The main and obvious advantage of using rPET is that the material comes in at a substantial price advantage, but the technical challenge has proved demanding and it comes as no surprise that such a product introduction has probably not been tried before in South Africa, or anywhere for that matter. To give you an idea of the degree of the challenge, the Palletplast partners could not find a mould maker in China prepared to construct the mould for the job. Given that China possesses of several of the world’s top and most efficient toolrooms, who have supplied many of the most difficult and largest moulds in South Africa over the past decade or two, genuine difficulties were expected in the mould construction stage – as well as in moulding.

The mould was ultimately manufactured by a world leading toolroom in Portugal.

With a shot weight of just over 17kg, extended flow paths and the complicated geometry of the design, besides running a material which is virtually certain to display variably consistency and MFI, the job is complicated to say the least.

But the partners, led by Sandplast’s Steph le Roux and Chris Smith, have forged ahead with the project, which has been two years plus in the making so far. Le Roux and Smith have been successful with difficult moulding jobs before and fear of a challenge doesn’t appear to be something that scares them off. The fact is that product introductions invariably present difficult moulding issues, with risk-to-reward ratios going up on the moulding difficulty scale. Suffice to say that few convertors in Southern Africa would have gambled on this job, but therein lies the attraction.

The Palletplast team has worked steadily over the past year plus (the first production trial took place in Portugal in late 2017) and overcome a series of processing problems, including those presented by material drying, material flow, chilling of the mould and others. By end-January the team was on the verge of full production.

With market acceptance, the rPET pallet could see huge demand. Annual demand for pallets – for produce manufacturers and the entire logistics chain – in South Africa is estimated to be between 30 and 40 million units a year, although getting accurate stats proves difficult.
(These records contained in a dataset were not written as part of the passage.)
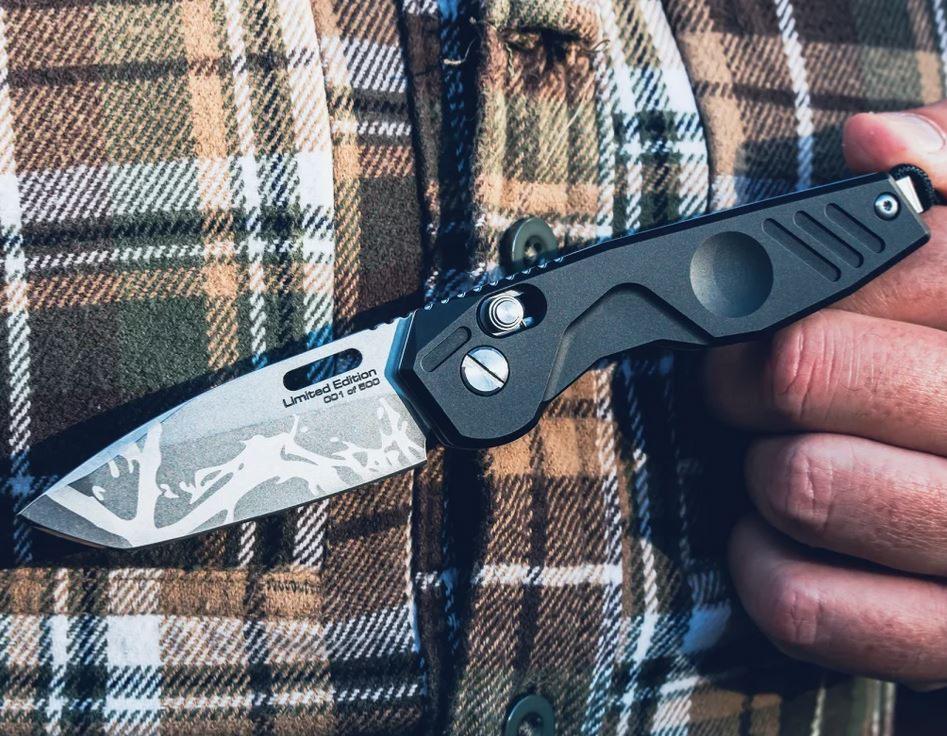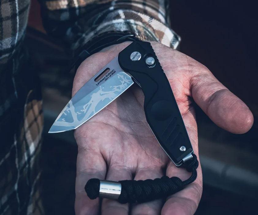 Des gravures laser dédiées sur la lame et le clip confèrent au couteau une identité forte et confirment son appartenance à la série.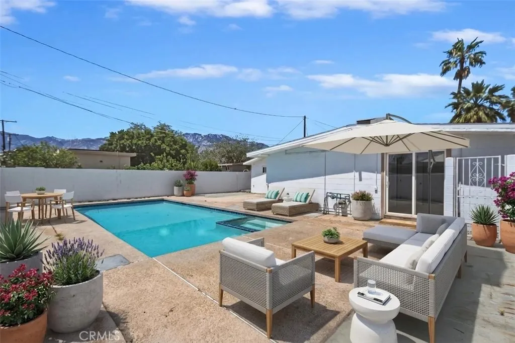 Welcome to this beautifully upgraded Cathedral City property featuring a 3-bedroom, 2-bath main home plus a private ADU—an exceptional opportunity for both homeowners and investors. The front house offers a spacious, open-concept layout with brand new white shaker cabinetry, sleek quartz countertops, and a kitchen that flows effortlessly into the family room—perfect for modern living and entertaining. Wood tile flooring runs throughout the home, complemented by fresh interior paint, new windows, and a newer HVAC system for year-round comfort. Both bathrooms have been tastefully renovated with modern vanities and stunning walk-in tiled showers, creating a clean, contemporary feel. Step outside to enjoy your own private desert retreat, complete with a sparkling pool and spa that has been recently replastered and upgraded with new tile and equipment—ideal for relaxing or hosting guests. The ADU adds incredible flexibility and value, featuring its own separate entrance, a private bathroom with a walk-in tiled shower, multiple mini splits, a full kitchen and dining area—perfect for guests, extended family, or generating rental income. Situated in a prime location within a seven minute drive to Palm Springs Airport and 10 minute drive to downtown Palm Springs, A new elementary school, and a beautiful new park called Esperanza that provides Basketball courts, playground, and a dog park. Close to Coachella and the world-famous Stagecoach Festival, this property is perfectly positioned for long-term rental potential. Additional highlights include ample parking with a circular driveway and covered carport, along with an extended south driveway with plenty of room for your RV or toys. Don’t miss this versatile property offering comfort, style, and excellent income potential in one of the desert’s most desirable areas.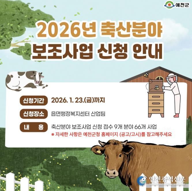 [인천광역신문] 박진 기자 | 예천군은 2026년도 축산 7개 분야 66여 개의 보조사업에 대해 23일까지 읍‧면 행정복지센터에서 신청을 받는다고 밝혔다.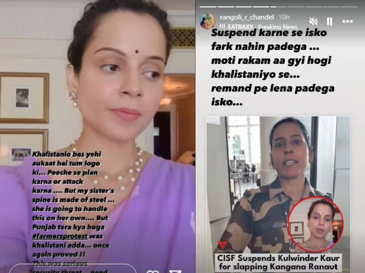 रंगोली हिने म्हटले की, खलिस्तानी, तुमचा हा एकच दर्जा आहे. मागून कट आणि हल्ला. माझ्या बहिणीचा पाठीचा कणा खूप मजबूत आहे. स्टीलने बनलेला आहे. ते तुम्ही तोडू शकत नाहीत. ही परिस्थिती ती स्वतः हाताळेल. परंतू, आता तुमचे पंजाबचे काय होणार? शेतकरी आंदोलन हे खलिस्तानींचे अड्डे होते. आणखी एक गोष्ट म्हणजे ही सुरक्षेत अत्यंत मोठी चूक आहे आणि हे सिद्ध झाले.

At present wood still forms the bulk of pallet supply.

The Cape has already seen a major plastic pallet project go under, but lessons were learned from the Lomold long fibre-low pressure concept. In that case, proprietary equipment was utilized, and several experienced local injection moulding specialists had warned of the danger of trying to develop new technology. After several design variations and much hype, the Lomold business imploded in 2013.

By contrast, the Palletplast project is using standard technology and has steadily eliminated problems encountered along the way, mainly stemming from the use of recycled material. The Palletplast team appear to have not let expectation get too far ahead of the team, but solving the technical challenges has kept the pressure up throughout.

With wood prices going up, and availability of wood reduced, the long-serving wood pallet is not what it was, so again there appears to be an opportunity for material substitution here. Besides that, the origin of the rPET pallet was that of developing a ‘non-slip’ pallet, and the Palletplast product offers a vital additional advantage here too.

With the introduction, the Palletplast sales team is working with distributors around the country; they have an estimated 40 product trials underway, even up to Limpopo, and initial feedback has been positive. The rPET pallet has been approved by UK supermarket group Tesco.